SMSFs drive DomaCom to $100m FUM



Fractional investment platform, DomaCom, has seen funds under management reach $100 million thanks to investments by self-managed super funds (SMSFs).
The firm offered the ability to make fractional investments into a range of property-related investments via a trust structure.
In an announcement to the Australian Securities Exchange (ASX), the firm said the bulk of the FUM increase was attributable to property acquisitions for small investors and SMSFs.
This was due to a “willingness” by superannuation investors to consider alternative asset classes in the hunt for yield in a low interest rate environment. This included areas like renewable energy, disability and affordable housing, mortgage lending and land banking.

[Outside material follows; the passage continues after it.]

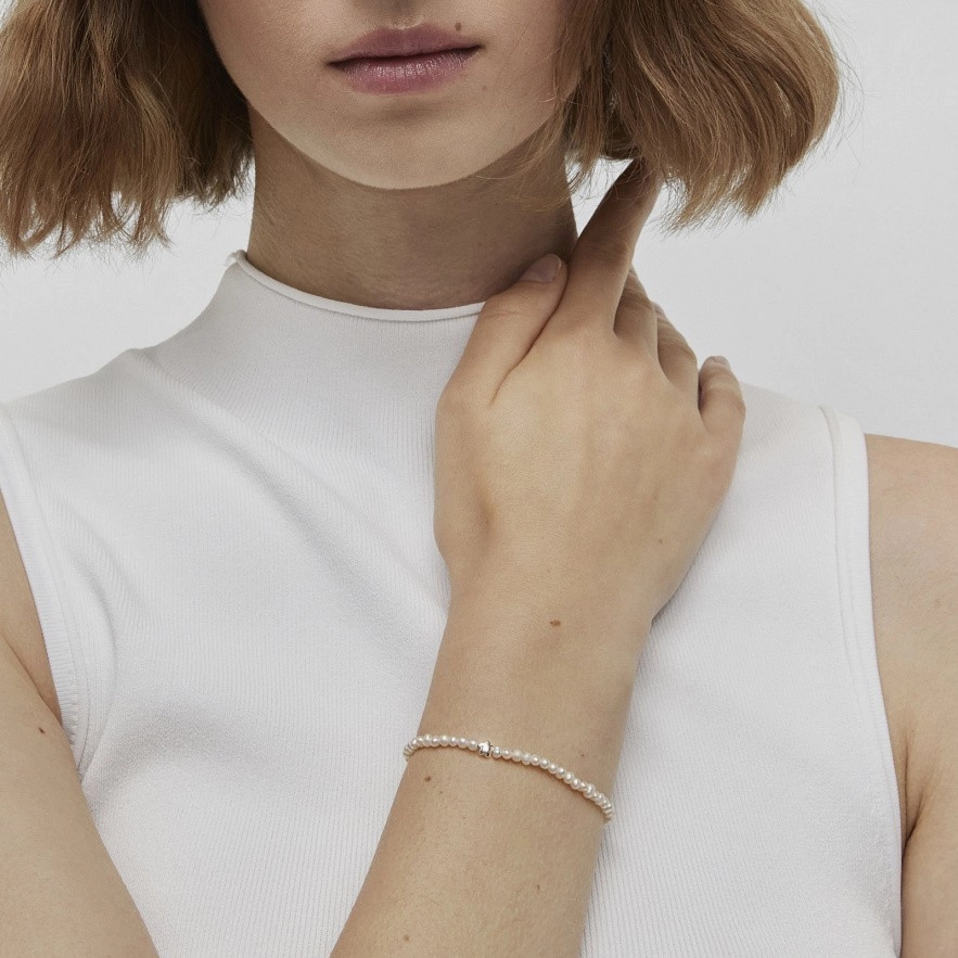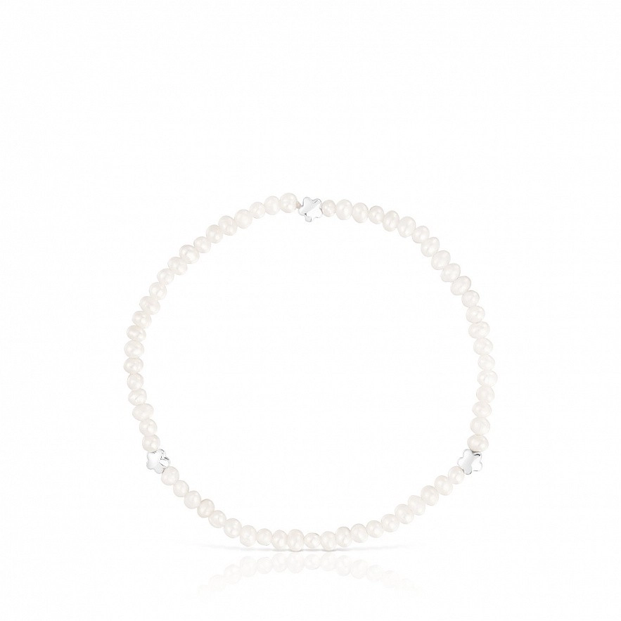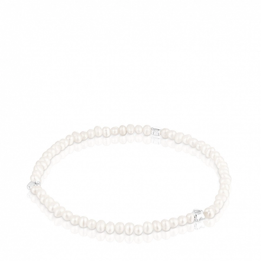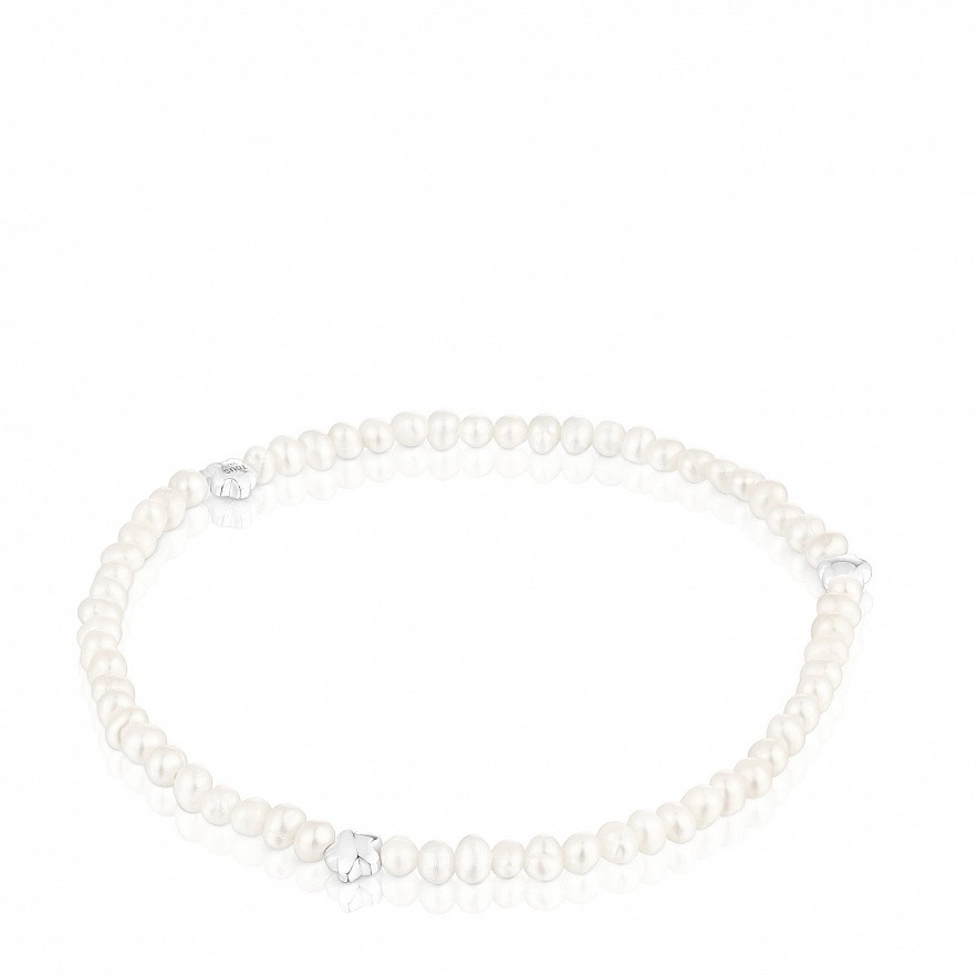 Еластичний браслет TOUS Bold Motif із культивованими перлами та трьома квітковими мотивами, що чергуються, зі срібла. Розмір культивованих перлин: 3-3,5 мм. Розмір квітки: 4 мм. Довжина браслета: 17,5 см.

“The strong growth reported in the fund’s FUM over the past few years is attributable to a willingness to invest in a wider range of assets going beyond the standard residential property, which dominated the fund’s investment portfolio in the early days,” it said.
“This broadening of the fund’s investment mandate means small investors and SMSFs have been able to access asset classes often characterised by big ticket items, which were previously only available to sophisticated investors.”
Another benefit for SMSFs was that they were able to curate a portfolio of high value assets by syndicating with other investors to maintain a balanced portfolio, DomaCom said.
DomaCom chief executive, Arthur Naoumidis, said: “There is another important driver behind the excellent FUM growth, this is the support of a small but growing supporter base among financial service licensees, their adviser networks as well as their smaller investor and SMSF client bases”.